◆ WHAT THE EXERCISE ASKS
Restate the lines of the material below word for word, from the first through the one containing "- ผิวสัมผัสของพวงมาลัยค่อนข้างดีมาก ดูหรูหรา", and include nothing else; pictures stay out.

◆ DATASET SECTION
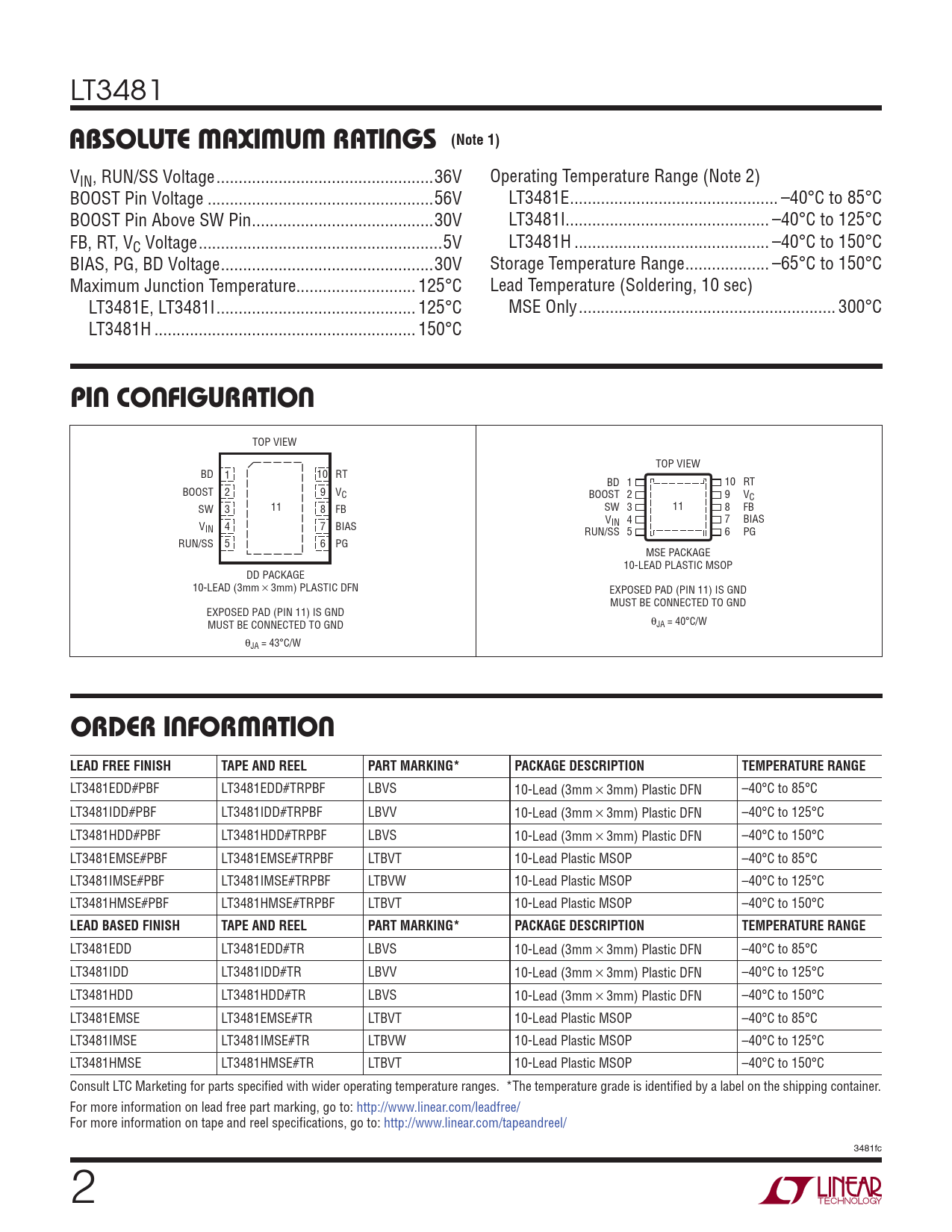 LT3481EDD#PBF LT3481EDD#TRPBF LBVS 10-Lead (3mm × 3mm) Plastic DFN –40°C to 85°C LT3481IDD#PBF LT3481IDD#TRPBF LBVV 10-Lead (3mm × 3mm) Plastic DFN –40°C to 125°C LT3481HDD#PBF LT3481HDD#TRPBF LBVS 10-Lead (3mm × 3mm) Plastic DFN –40°C to 150°C LT3481EMSE#PBF LT3481EMSE#TRPBF LTBVT 10-Lead Plastic MSOP –40°C to 85°C LT3481IMSE#PBF LT3481IMSE#TRPBF LTBVW 10-Lead Plastic MSOP –40°C to 125°C LT3481HMSE#PBF LT3481HMSE#TRPBF LTBVT 10-Lead Plastic MSOP –40°C to 150°C
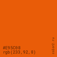 Цвет #E95C08 в цветовой модели RGB обозначается тремя октетами (233, 92, 8) в десятичном формате и #E95C08 в шестнадцатиричном (hex) формате, которые являются интенсивностью красного 233 (hex E9), интенсивность зелёного 92 (hex 5C) и интенсивность синего 8 (hex 08).
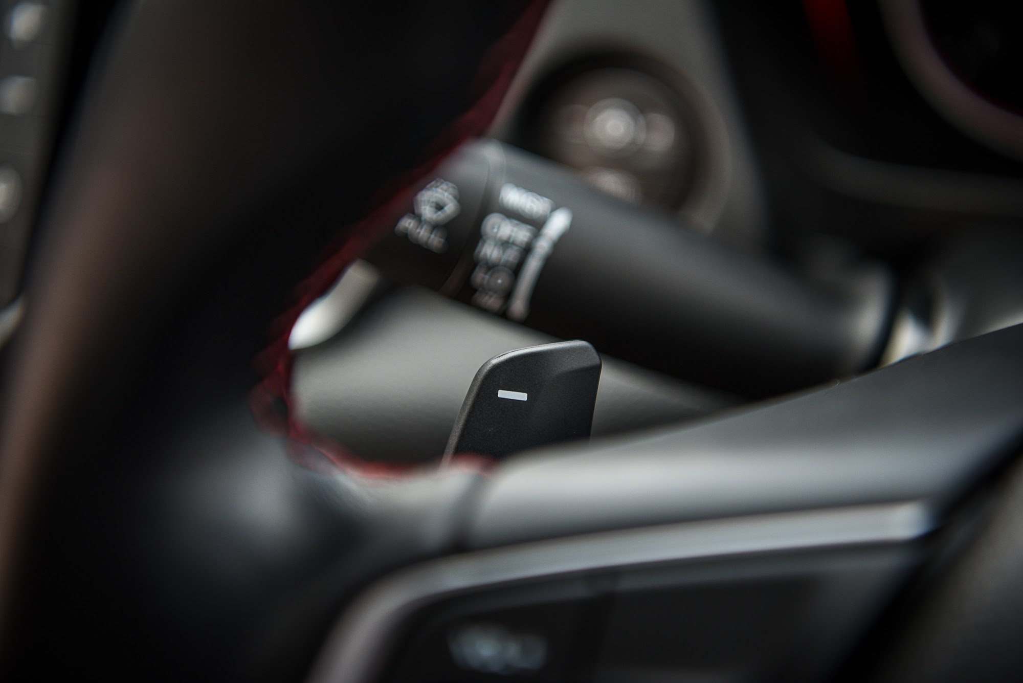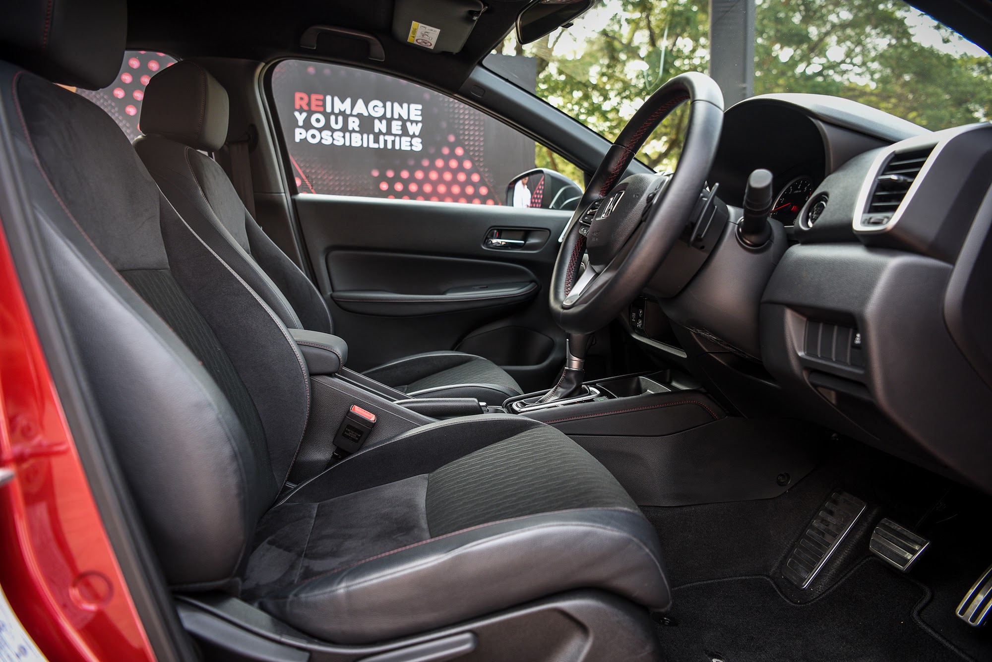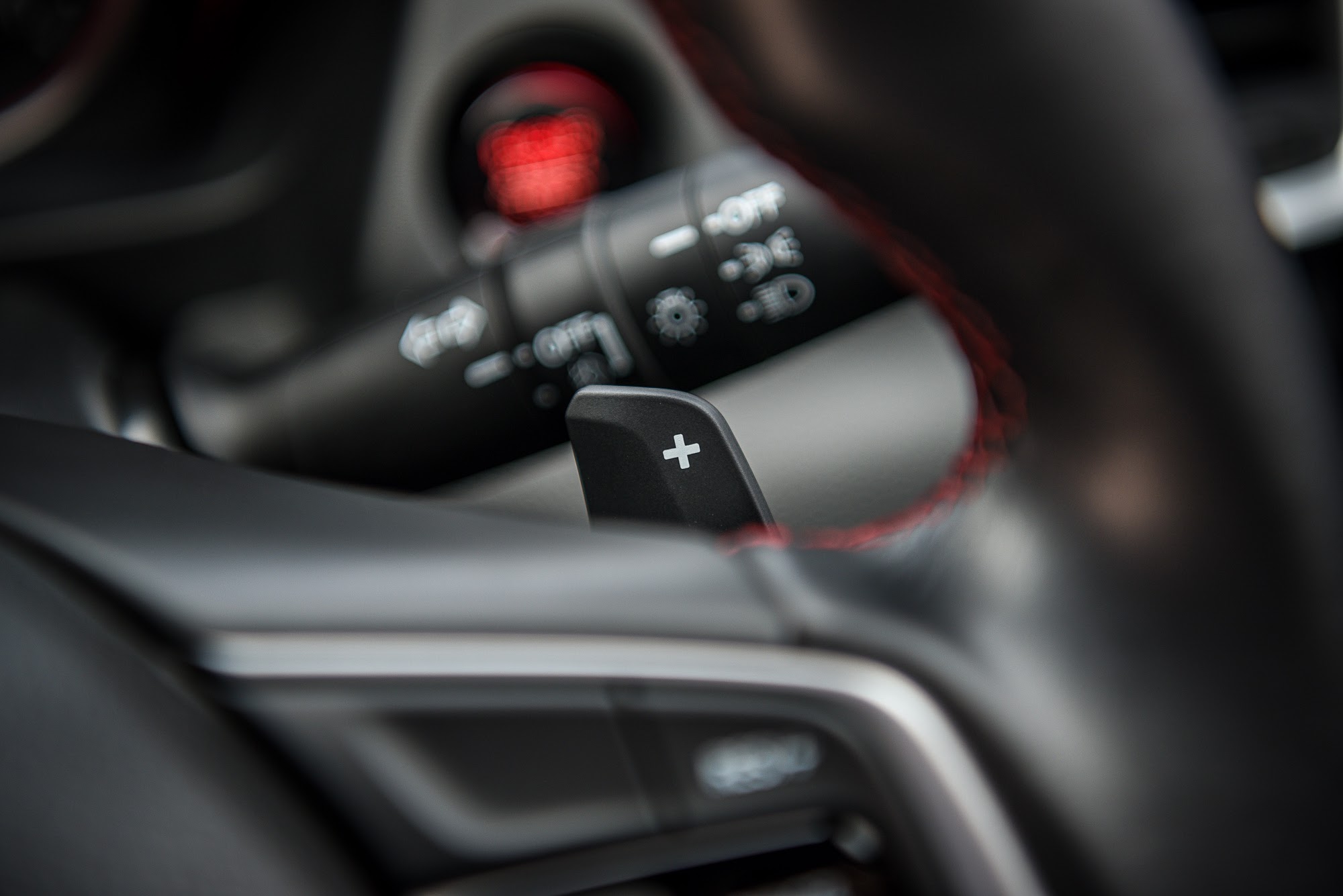 - ผิวสัมผัสของพวงมาลัยค่อนข้างดีมาก ดูหรูหรา ออกแบบแบบ 3 ก้านดูสปอร์ตด้วยด้ายแดง อวบ จับกระชับมือ พร้อมปุ่มมัลติฟังก์ชั่นทางด้านซ้าย และพวกครูสคอนโทรลทางด้านขวา แถมยังมี paddle shift ที่ทำให้ศักดิ์ศรีดูทัดเทียมกับรถรุ่นใหญ่ๆ กว่านี้
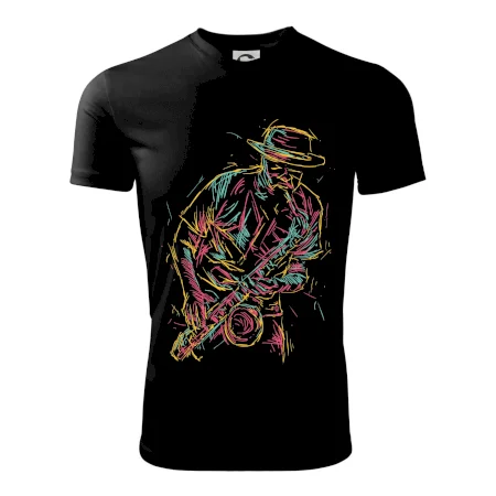 Triko, na kterém je kreslený jazzman, potěší každého příznivce jazzu. Hudební triko se saxofonem je vhodný dárek pro saxofonistu. Pokud je saxofon a hudba na každém tvém kroku, tohle triko se k tobě bude skvěle hodit! Triko pro saxofonistu a pravého jazzmana.

◆ SOLVED PROBLEM
 LT3481EDD#PBF LT3481EDD#TRPBF LBVS 10-Lead (3mm × 3mm) Plastic DFN –40°C to 85°C LT3481IDD#PBF LT3481IDD#TRPBF LBVV 10-Lead (3mm × 3mm) Plastic DFN –40°C to 125°C LT3481HDD#PBF LT3481HDD#TRPBF LBVS 10-Lead (3mm × 3mm) Plastic DFN –40°C to 150°C LT3481EMSE#PBF LT3481EMSE#TRPBF LTBVT 10-Lead Plastic MSOP –40°C to 85°C LT3481IMSE#PBF LT3481IMSE#TRPBF LTBVW 10-Lead Plastic MSOP –40°C to 125°C LT3481HMSE#PBF LT3481HMSE#TRPBF LTBVT 10-Lead Plastic MSOP –40°C to 150°C
 Цвет #E95C08 в цветовой модели RGB обозначается тремя октетами (233, 92, 8) в десятичном формате и #E95C08 в шестнадцатиричном (hex) формате, которые являются интенсивностью красного 233 (hex E9), интенсивность зелёного 92 (hex 5C) и интенсивность синего 8 (hex 08).
 - ผิวสัมผัสของพวงมาลัยค่อนข้างดีมาก ดูหรูหรา ออกแบบแบบ 3 ก้านดูสปอร์ตด้วยด้ายแดง อวบ จับกระชับมือ พร้อมปุ่มมัลติฟังก์ชั่นทางด้านซ้าย และพวกครูสคอนโทรลทางด้านขวา แถมยังมี paddle shift ที่ทำให้ศักดิ์ศรีดูทัดเทียมกับรถรุ่นใหญ่ๆ กว่านี้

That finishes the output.